Nevertheless, the case of Tata evidences the need for distributing power to lower hierarchies to increase the extent of environmental scanning before making decisions that may ruin a company’s global position and operations. Evaluating the prevailing market conditions is instrumental in predicting the nature and magnitude of risks or strengths associated with a particular decision.
Stakeholder and institutional theories can help to comprehend the case of Tata’s decision to acquire JLR and the aftermath of the deal. Figure 3 shows different stakeholders that Tata needed to consider in its decision-making process.
The stakeholder theory requires an organization to respond to the interests of its stakeholders (Harrison, Freeman, & Sa de Abreu, 2015). In response, shareholders are expected to reciprocate with positive behaviors and actions that range from purchasing more shares, products, and services purchases to remain committed to an organization during difficult times. A decision to increase a company’s economies of scale through acquisition responds to the above concerns stipulated in the stakeholder theory.
According to the institutional theory, organizations experience pressure that may lead to the violation of particular normative values and standards (Cardinale, 2018). Tata’s decision to acquire different companies, including JLR, suggests its unlimited effort to exert its legitimacy as a global manufacturer of automobiles for all markets. The idea demonstrated Tata’s need for conforming to the standards accepted by the global population.

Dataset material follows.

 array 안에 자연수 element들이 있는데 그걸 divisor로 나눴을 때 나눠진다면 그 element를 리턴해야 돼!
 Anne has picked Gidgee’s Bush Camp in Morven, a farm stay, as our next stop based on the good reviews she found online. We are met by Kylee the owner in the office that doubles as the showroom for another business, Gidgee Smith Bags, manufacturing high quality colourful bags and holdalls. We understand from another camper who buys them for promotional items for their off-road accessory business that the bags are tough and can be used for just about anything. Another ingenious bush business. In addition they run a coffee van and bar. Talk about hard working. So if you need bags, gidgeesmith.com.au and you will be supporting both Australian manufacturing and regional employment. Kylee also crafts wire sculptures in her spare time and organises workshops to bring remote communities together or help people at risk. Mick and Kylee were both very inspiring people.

Such reception would guarantee the growth of its brand equities while boosting customers’ satisfaction levels in international bazaars (Chaney, Slimane, & Humphreys, 2016).
According to Schilke (2018), the pressure emphasized by the institutional theory arises from external stakeholders who force an organization to behave and make decisions that conform to their expectations. From the stakeholder theoretical perspective, these expectations include the increasing value and returns on investments to shareholders (Jones, Harrison, & Felps, 2018; Nason, Bacq, & Gras, 2018). Once a brand becomes popular and well known, a company will have exerted its legitimacy to its existing and potential customers. Consequently, it becomes less strenuous to convince clients to buy a particular product.
Conclusion
The decision to acquire JLR and other popular brands may be seen as an attempt to create Tata’s brand association with high-end and reliable SUVs and luxury vehicles. Therefore, due to the brand association of Jaguar and Land Rover, Tata expected customers to perceive other product lines, including Indica and Safari, as embracing the same quality standards.

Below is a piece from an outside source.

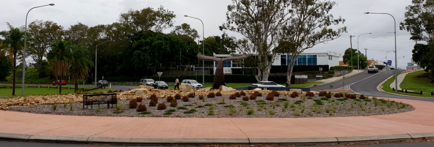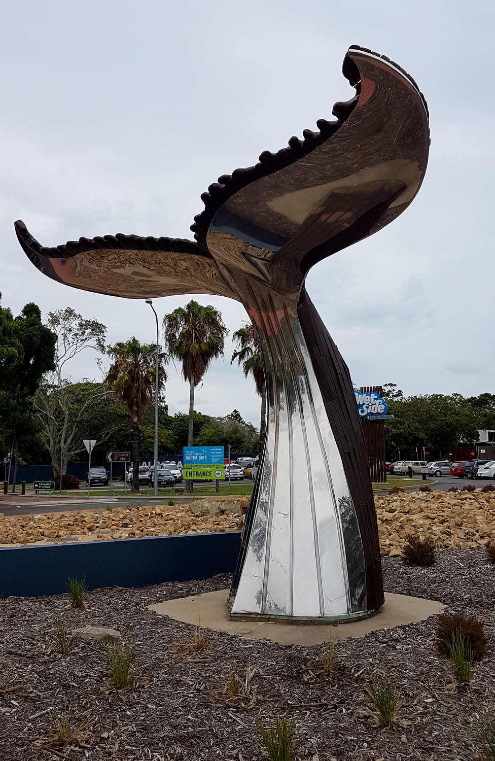 – « Nala » à l’intersection de Main St et de Old Maryborough Rd. La petite dernière et la plus grande: 8,30m de haut sur 14,80m de large, 22 tonnes de bois et métal, elle a été construite en hommage à la vraie Nala qui vient tous les ans à Hervey Bay depuis 1992 !!!

Ultimately, Tata would be perceived as delivering higher returns on shareholders’ investments as presented in the stakeholder theory. Tata Motors’ idea of acquiring JLR was projected to provide the necessary synergy for its growth as a multinational brand. Its domestic brand, namely, Safari and Indica, produced an internal noise that required high-end technologies to resolve them. This technology was readily available through Tata’s access to the intellectual and property rights of JLR.
Apart from owning the world’s cheapest car, Tata also wanted to own high-end SUVs and luxury vehicles. Hence, owning them would open Tata’s markets not only in East Asia but also in Europe and the U.S. These concerns were well aligned with institutional and stakeholder theories. However, the onset of the global financial crisis of 2008 and 2009 proved that the decision of acquiring JLR was poorly timed. Tata had to bear the consequences manifested in the form of losses in domestic, American and European markets.